*** RECORDS SUPPLIED Section Begins ***

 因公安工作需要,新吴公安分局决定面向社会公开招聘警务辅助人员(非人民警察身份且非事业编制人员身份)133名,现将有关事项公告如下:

*** RECORDS SUPPLIED Section Ends ***
*** RECORDS SUPPLIED Section Begins ***

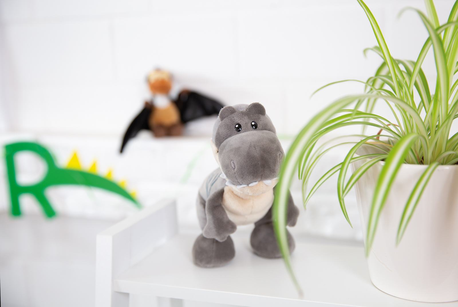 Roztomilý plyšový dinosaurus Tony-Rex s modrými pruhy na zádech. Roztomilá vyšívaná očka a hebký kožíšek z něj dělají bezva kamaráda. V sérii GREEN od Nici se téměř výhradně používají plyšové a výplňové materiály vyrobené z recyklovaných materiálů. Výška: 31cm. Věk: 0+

*** RECORDS SUPPLIED Section Ends ***
*** RECORDS SUPPLIED Section Begins ***

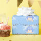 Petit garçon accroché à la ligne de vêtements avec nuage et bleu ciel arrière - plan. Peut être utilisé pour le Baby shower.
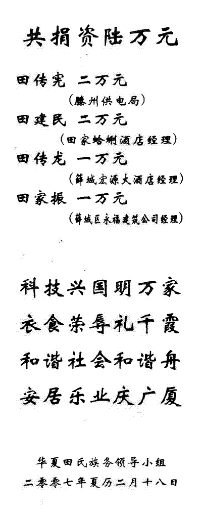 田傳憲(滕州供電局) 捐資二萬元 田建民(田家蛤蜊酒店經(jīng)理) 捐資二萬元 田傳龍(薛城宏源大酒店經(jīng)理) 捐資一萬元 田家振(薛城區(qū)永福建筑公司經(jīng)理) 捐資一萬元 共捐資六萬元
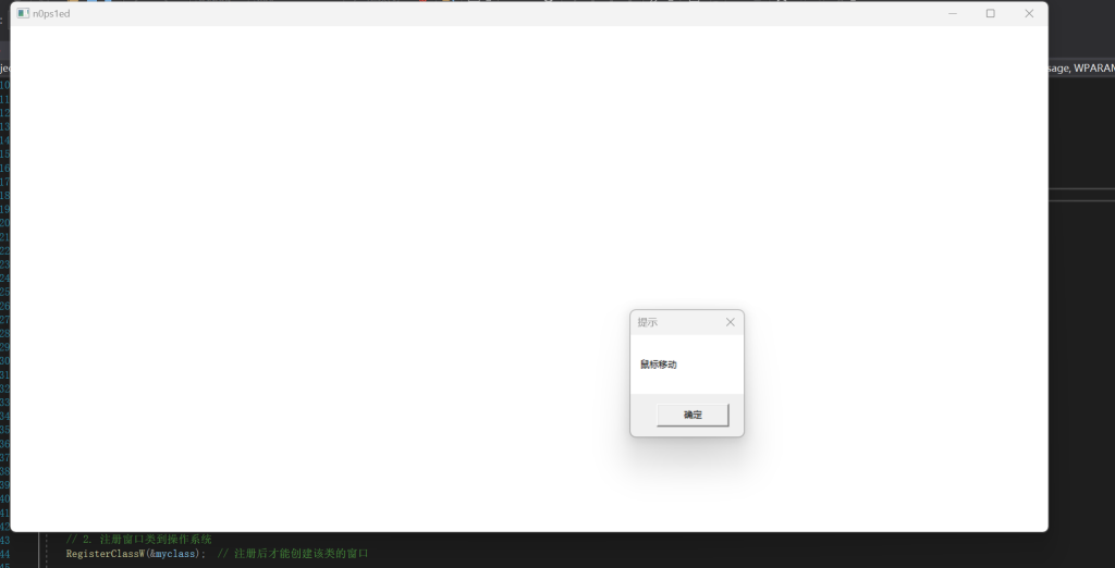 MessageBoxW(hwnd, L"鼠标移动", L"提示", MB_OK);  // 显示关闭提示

*** RECORDS SUPPLIED Section Ends ***

PROBLEM DESCRIPTION: Copy nothing but the lines above from the one with "Petit garçon accroché" to the one with "田傳憲(滕州供電局) 捐資二萬元 田建民(田家蛤蜊酒店經(jīng)理)", inclusive, word for word. Leave every picture out.

ANSWER AREA:
 Petit garçon accroché à la ligne de vêtements avec nuage et bleu ciel arrière - plan. Peut être utilisé pour le Baby shower.
 田傳憲(滕州供電局) 捐資二萬元 田建民(田家蛤蜊酒店經(jīng)理) 捐資二萬元 田傳龍(薛城宏源大酒店經(jīng)理) 捐資一萬元 田家振(薛城區(qū)永福建筑公司經(jīng)理) 捐資一萬元 共捐資六萬元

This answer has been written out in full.